***** Given information
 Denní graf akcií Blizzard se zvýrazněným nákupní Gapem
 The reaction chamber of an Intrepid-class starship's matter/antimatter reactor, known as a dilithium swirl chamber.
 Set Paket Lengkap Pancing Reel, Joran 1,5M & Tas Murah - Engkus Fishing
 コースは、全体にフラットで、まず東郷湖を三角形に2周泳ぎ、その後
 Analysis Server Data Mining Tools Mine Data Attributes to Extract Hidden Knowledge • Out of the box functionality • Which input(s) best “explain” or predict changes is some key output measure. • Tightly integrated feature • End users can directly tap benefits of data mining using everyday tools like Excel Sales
**********
***** Given information
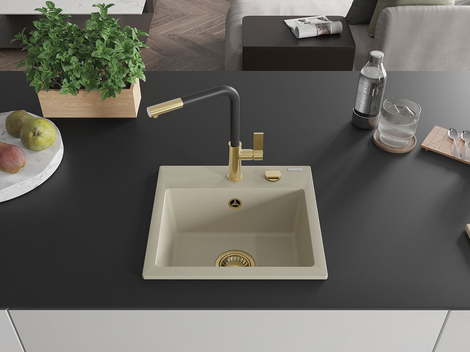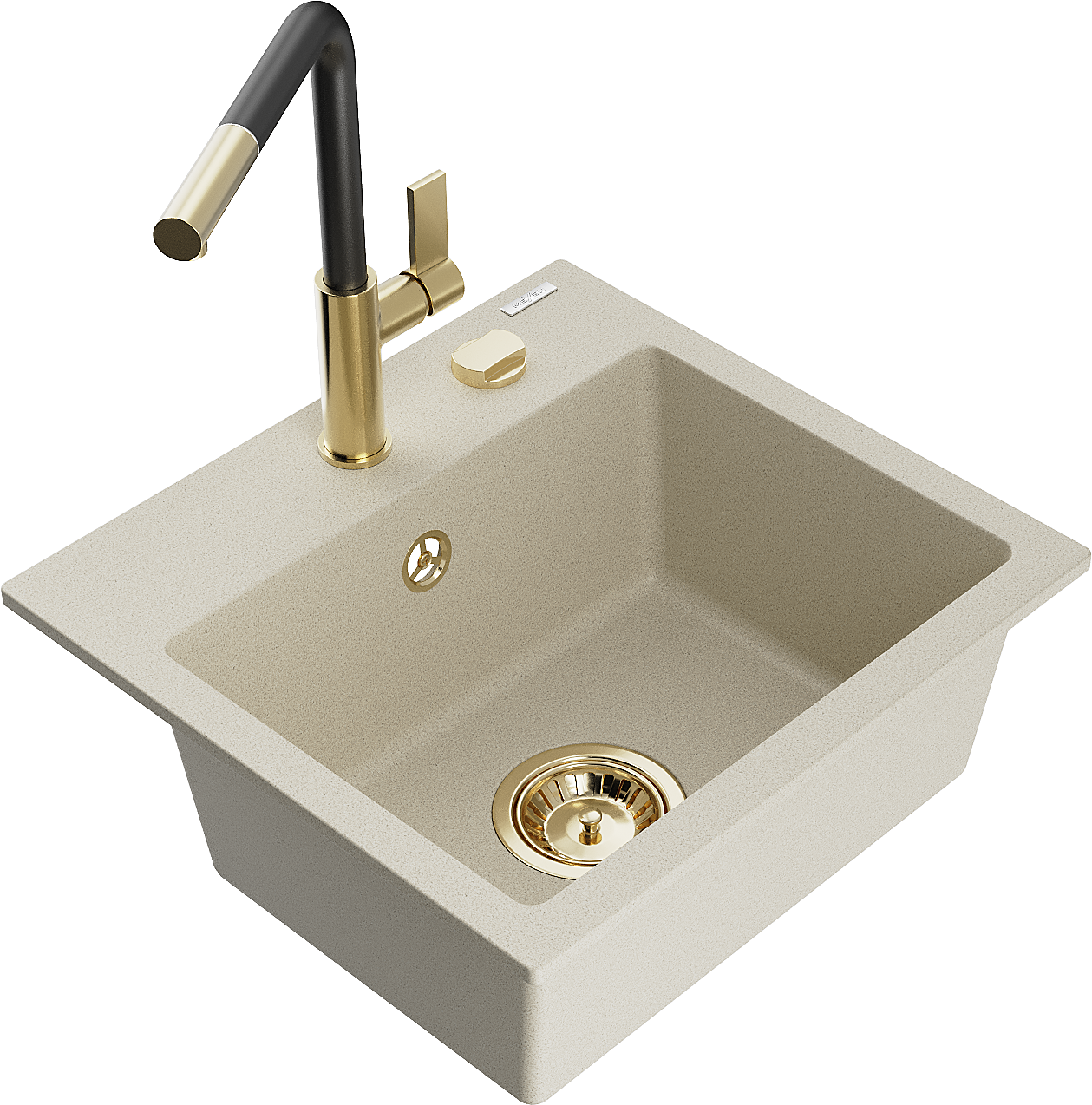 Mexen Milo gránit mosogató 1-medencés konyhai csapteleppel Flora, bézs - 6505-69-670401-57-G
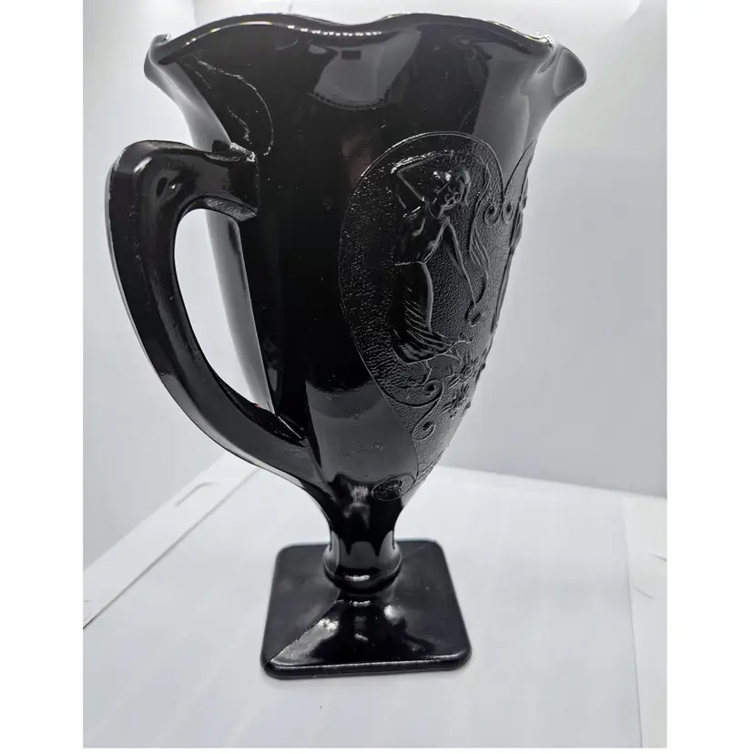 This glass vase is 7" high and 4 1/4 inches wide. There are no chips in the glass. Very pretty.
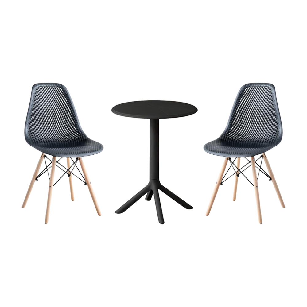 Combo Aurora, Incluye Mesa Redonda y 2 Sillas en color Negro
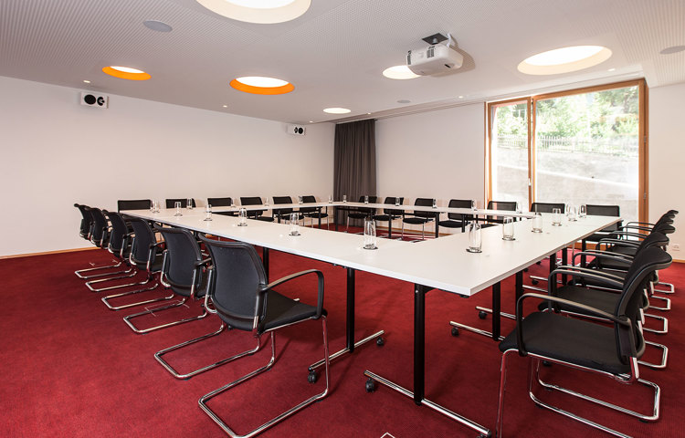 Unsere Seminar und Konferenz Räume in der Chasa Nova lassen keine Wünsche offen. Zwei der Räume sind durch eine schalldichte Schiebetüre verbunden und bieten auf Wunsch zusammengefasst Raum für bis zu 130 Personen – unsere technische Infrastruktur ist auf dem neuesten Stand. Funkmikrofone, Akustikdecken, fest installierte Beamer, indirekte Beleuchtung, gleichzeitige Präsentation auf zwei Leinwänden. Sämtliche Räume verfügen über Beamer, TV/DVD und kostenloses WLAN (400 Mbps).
**********
***** Given information
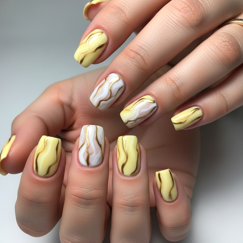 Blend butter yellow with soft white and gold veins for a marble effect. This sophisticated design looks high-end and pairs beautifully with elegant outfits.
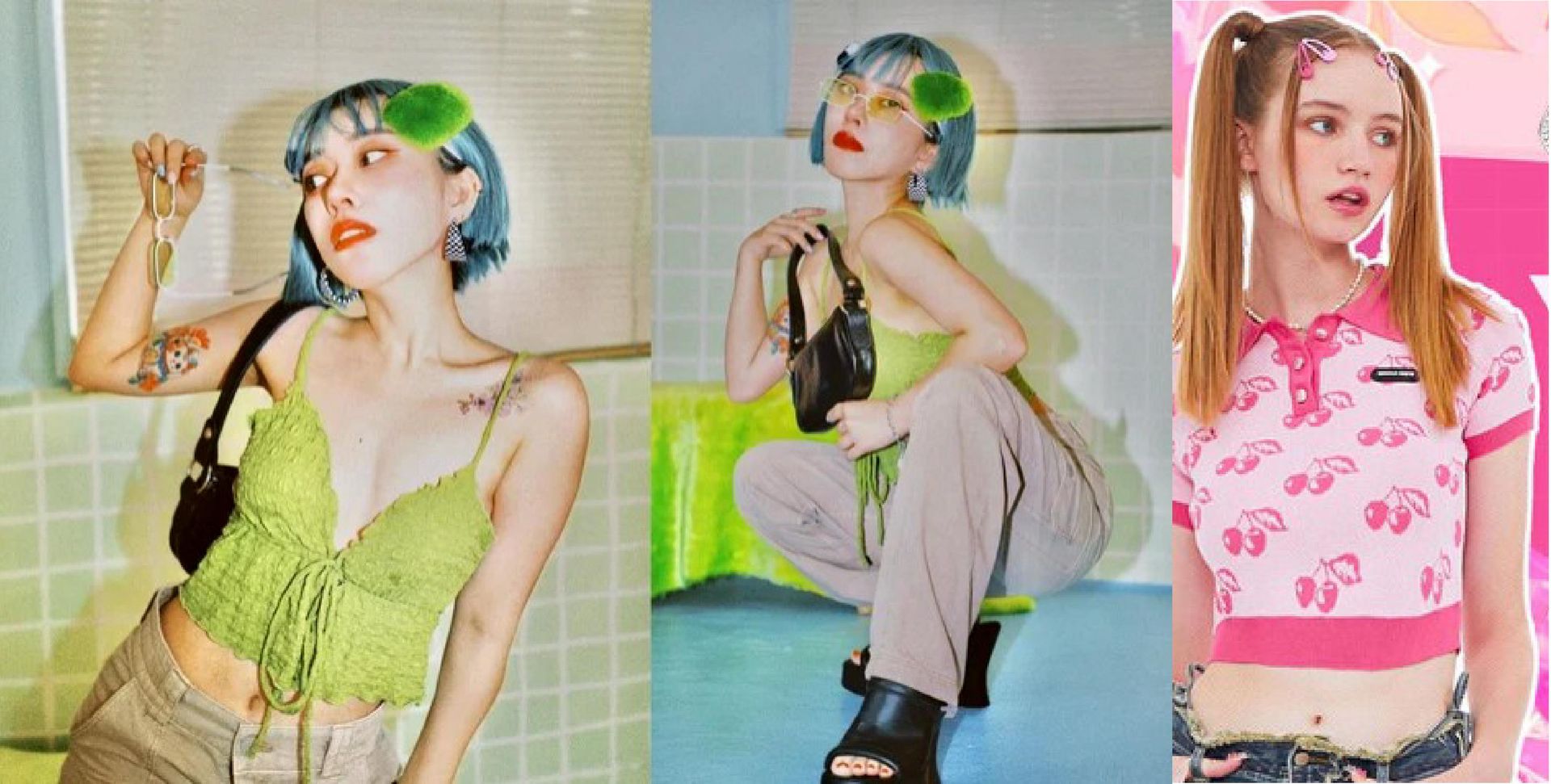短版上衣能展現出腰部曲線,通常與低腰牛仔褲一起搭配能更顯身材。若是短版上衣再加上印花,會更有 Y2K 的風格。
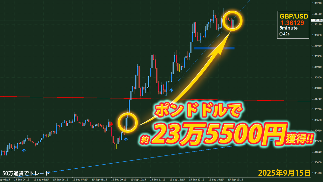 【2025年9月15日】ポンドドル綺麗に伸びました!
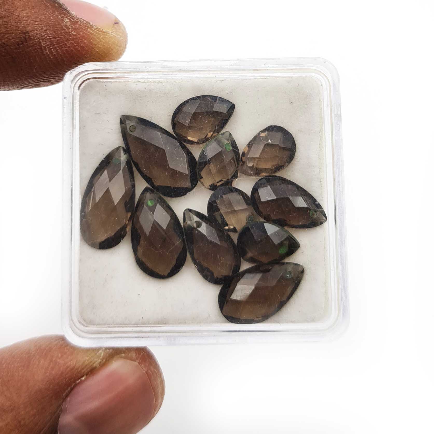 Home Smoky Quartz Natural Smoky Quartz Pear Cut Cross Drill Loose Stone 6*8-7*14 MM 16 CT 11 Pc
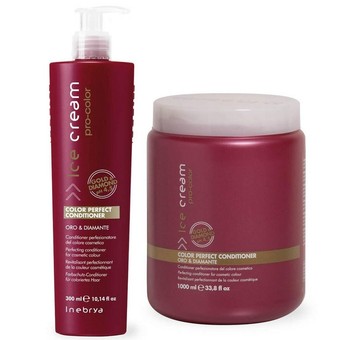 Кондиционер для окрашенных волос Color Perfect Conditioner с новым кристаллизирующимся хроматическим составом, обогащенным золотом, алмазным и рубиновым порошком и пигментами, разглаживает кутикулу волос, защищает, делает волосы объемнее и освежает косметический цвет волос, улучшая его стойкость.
**********
What is needed >>
Give back exactly the lines above that run from the one with "短版上衣能展現出腰部曲線,通常與低腰牛仔褲一起搭配能更顯身材。若是短版上衣再加上印花,會更有 Y2K 的風格。" to the one with "Кондиционер для окрашенных", including both, with the pictures left out.

Task answer >>
短版上衣能展現出腰部曲線,通常與低腰牛仔褲一起搭配能更顯身材。若是短版上衣再加上印花,會更有 Y2K 的風格。
 【2025年9月15日】ポンドドル綺麗に伸びました!
 Home Smoky Quartz Natural Smoky Quartz Pear Cut Cross Drill Loose Stone 6*8-7*14 MM 16 CT 11 Pc
 Кондиционер для окрашенных волос Color Perfect Conditioner с новым кристаллизирующимся хроматическим составом, обогащенным золотом, алмазным и рубиновым порошком и пигментами, разглаживает кутикулу волос, защищает, делает волосы объемнее и освежает косметический цвет волос, улучшая его стойкость.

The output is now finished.